Ces procédés sont notoirement insuffisans pendant la deuxième phase. À ce moment, l’assaillant s’engage sur un terrain généralement découvert et souvent uni ; le feu de la défense acquiert une efficacité qui serait réellement écrasante si le tireur conservait son sang-froid et ne commençait pas dès lors à s’inquiéter sérieusement de l’issue de la lutte. C’est la marche en avant qui a commencé cet ébranlement moral, c’est elle qui doit le poursuivre. Il ne s’agit plus autant de diminuer les effets du feu que d’avancer, d’avancer toujours. On évitera les pertes inutiles, mais on n’hésitera pas devant les sacrifices nécessaires.

Mais, de quelque énergie qu’on suppose les hommes animés, il viendra un moment où devant l’émotion d’un danger grandissant, l’instinct de la conservation l’emportera ; où les tirailleurs, puisque ce sont eux qui forment la ligne de combat, s’arrêteront, s’embusqueront sur le terrain et se mettront à tirer. « Ils ne s’arrêtent pas pour tirer, disait Dragomirof : ils tirent parce qu’ils s’arrêtent. »

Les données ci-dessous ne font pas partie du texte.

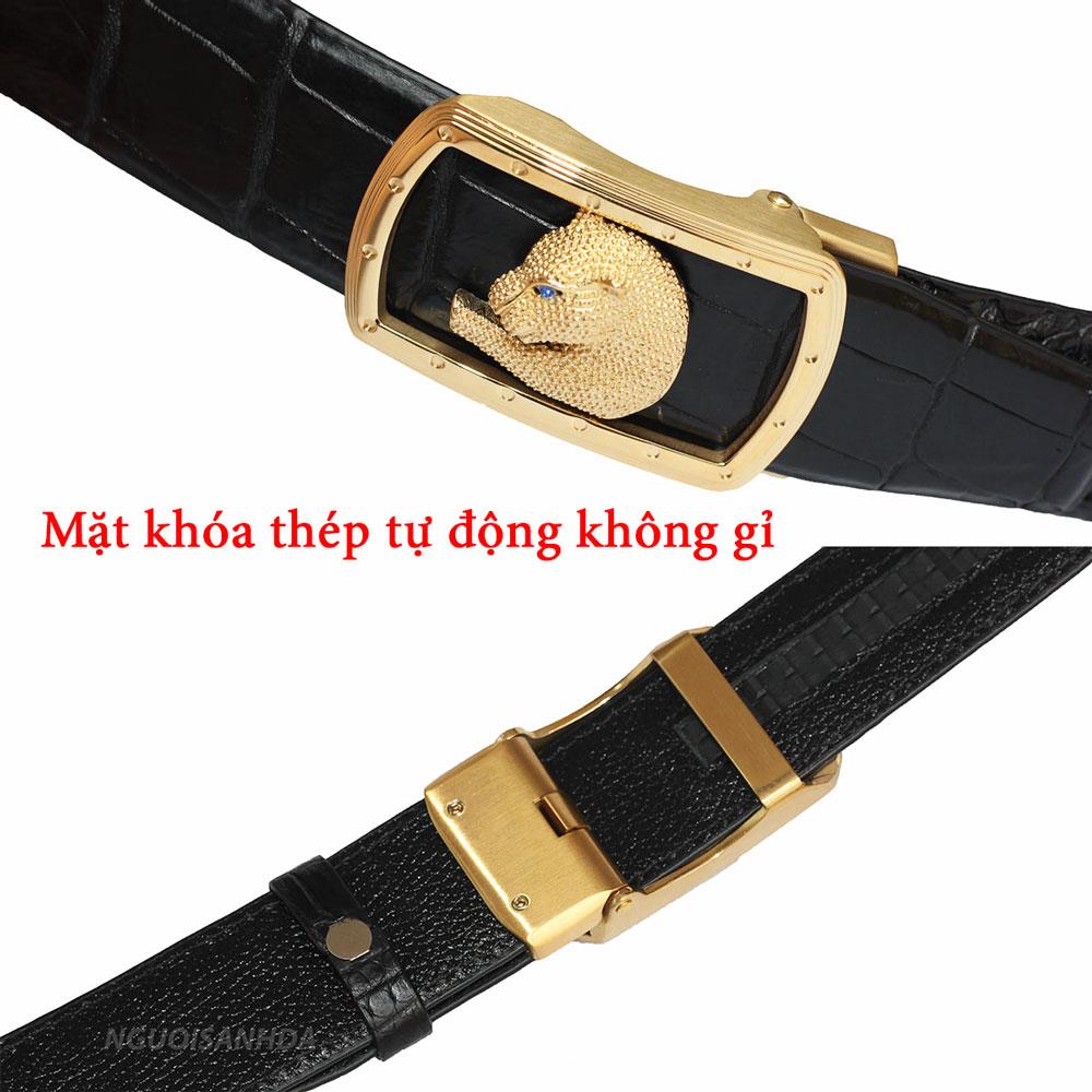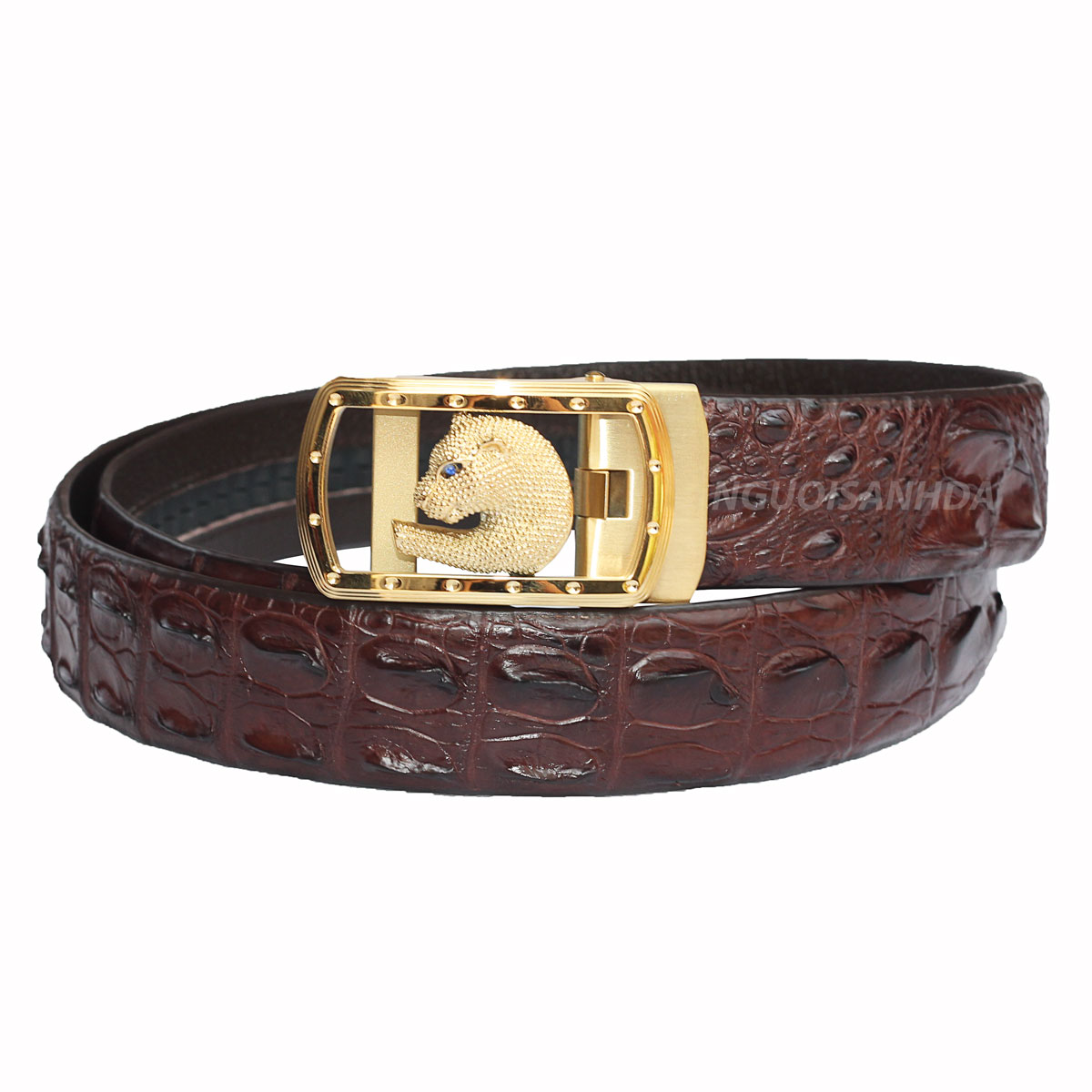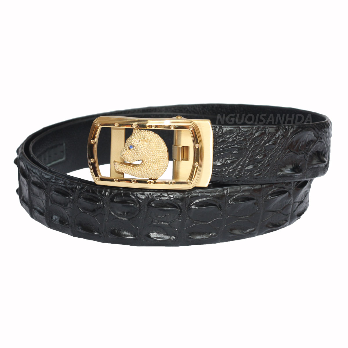 Thắt lưng da cá sấu nguyên con khóa thép tự động không gỉ TLCS477

Par le fait même, la défense a atteint son but, elle tient l’assaillant sous son feu, elle se sent maîtresse de la partie. Que faudra-t-il pour lui enlever ce sentiment ? Reprendre la marche en avant.

Mais comment relever les tirailleurs couchés et embusqués ? quelle force les décidera à quitter de nouveau leurs abris pour se lancer au-devant de nouveaux coups ? D’où viendra l’élan, qui donnera l’impulsion ?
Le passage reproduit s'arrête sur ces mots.